== Task requirements ==
Please write out every line of the material, leaving out any picture.

===== Available data =====

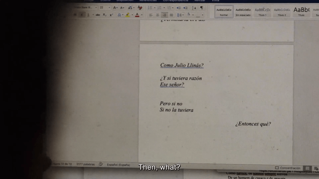 “要我说,《卡尔林多·泰塔》是潘佩罗小组最孤独的电影,也是第一部情节剧,而且要我说的话,整部电影最情节剧的段落,就是利纳斯兴奋地看着他父亲在那本小书里留下的话,认真品读它,就好像是在父亲描写他朋友的文字里,寻找到了对自己的这部电影的辩护!我给你读一段:
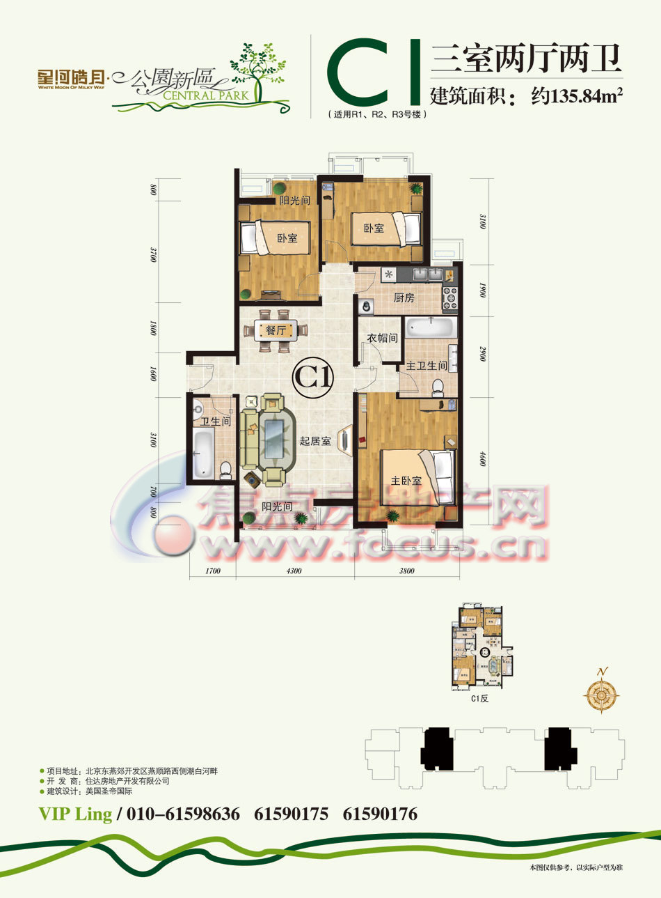 3室2厅2卫-公园新区R1-R3号楼C1三室两厅两卫135.84平方米
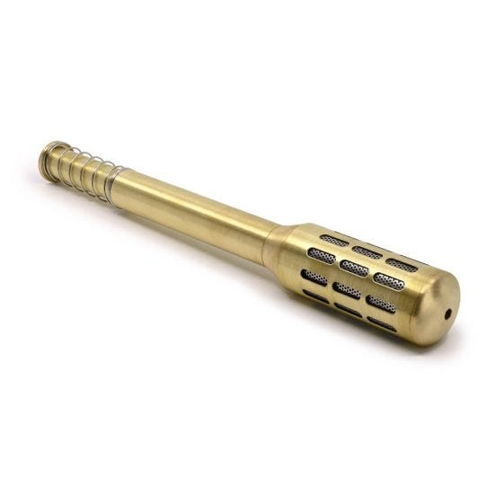 Largest available push spring style rolling moxa heating device. Easy to use, designed to treat, warm, and massage larger more expansive areas of the body. The burning moxa stick warms the brass rolling head. The Extra Large Rolling Lion Warmer is 11.5" long with a diameter of 1 5/8". Cleaning device included.

=====

== Your solution ==
 “要我说,《卡尔林多·泰塔》是潘佩罗小组最孤独的电影,也是第一部情节剧,而且要我说的话,整部电影最情节剧的段落,就是利纳斯兴奋地看着他父亲在那本小书里留下的话,认真品读它,就好像是在父亲描写他朋友的文字里,寻找到了对自己的这部电影的辩护!我给你读一段:
 3室2厅2卫-公园新区R1-R3号楼C1三室两厅两卫135.84平方米
 Largest available push spring style rolling moxa heating device. Easy to use, designed to treat, warm, and massage larger more expansive areas of the body. The burning moxa stick warms the brass rolling head. The Extra Large Rolling Lion Warmer is 11.5" long with a diameter of 1 5/8". Cleaning device included.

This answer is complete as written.